Material to process: Begin
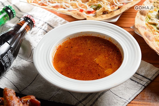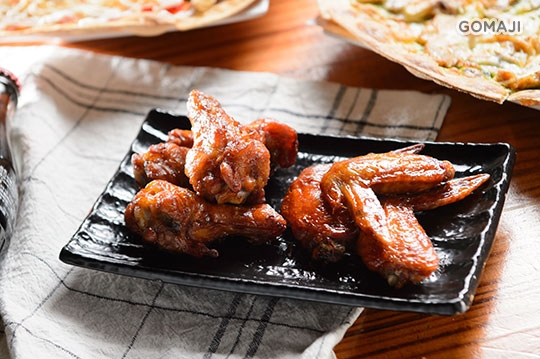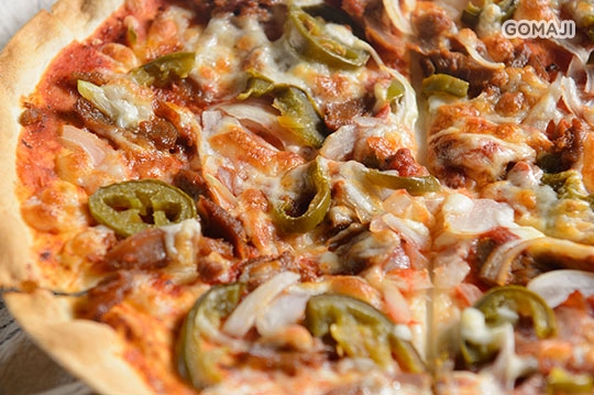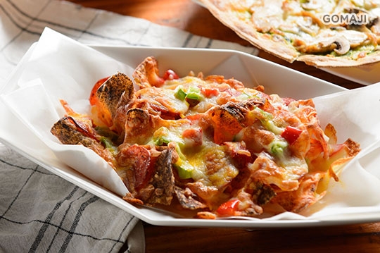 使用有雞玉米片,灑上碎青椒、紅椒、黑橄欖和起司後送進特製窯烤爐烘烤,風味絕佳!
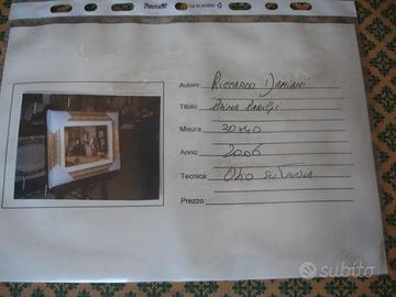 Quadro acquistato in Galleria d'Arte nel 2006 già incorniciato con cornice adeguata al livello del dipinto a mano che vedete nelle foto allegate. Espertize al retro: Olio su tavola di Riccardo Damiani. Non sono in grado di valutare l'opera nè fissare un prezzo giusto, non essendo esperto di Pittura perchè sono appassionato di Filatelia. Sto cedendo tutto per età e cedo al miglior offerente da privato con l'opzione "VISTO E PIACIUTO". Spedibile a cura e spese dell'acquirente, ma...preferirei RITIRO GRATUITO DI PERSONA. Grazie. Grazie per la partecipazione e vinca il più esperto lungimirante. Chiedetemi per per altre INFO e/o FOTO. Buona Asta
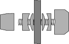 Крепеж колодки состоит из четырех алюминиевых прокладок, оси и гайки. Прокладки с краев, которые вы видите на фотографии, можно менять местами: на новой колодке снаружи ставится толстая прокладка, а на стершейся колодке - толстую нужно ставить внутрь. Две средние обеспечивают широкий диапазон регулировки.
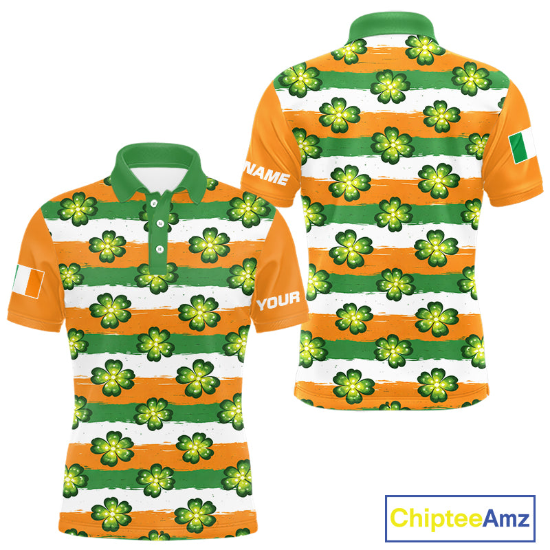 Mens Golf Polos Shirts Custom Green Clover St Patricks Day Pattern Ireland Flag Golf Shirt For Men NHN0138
Material to process: End
Material to process: Begin
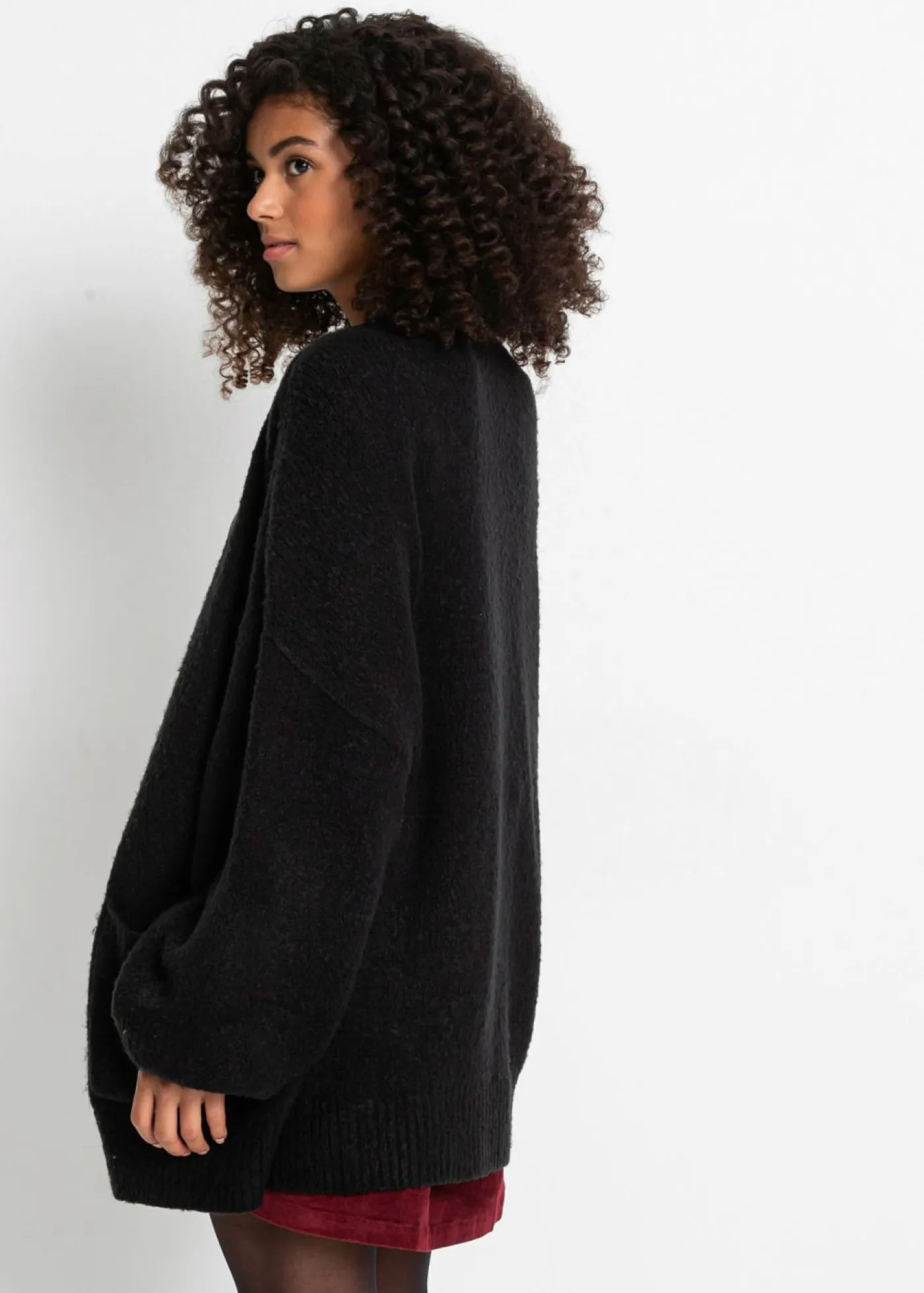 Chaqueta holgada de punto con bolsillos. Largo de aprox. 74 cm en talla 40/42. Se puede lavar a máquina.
Material to process: End
What to work on: Nothing outside the stretch above, from the line with "Крепеж колодки состоит" through the line with "Mens Golf Polos", is set down. Transcribe that stretch exactly, ends included, but not its pictures.

The answer:
 Крепеж колодки состоит из четырех алюминиевых прокладок, оси и гайки. Прокладки с краев, которые вы видите на фотографии, можно менять местами: на новой колодке снаружи ставится толстая прокладка, а на стершейся колодке - толстую нужно ставить внутрь. Две средние обеспечивают широкий диапазон регулировки.
 Mens Golf Polos Shirts Custom Green Clover St Patricks Day Pattern Ireland Flag Golf Shirt For Men NHN0138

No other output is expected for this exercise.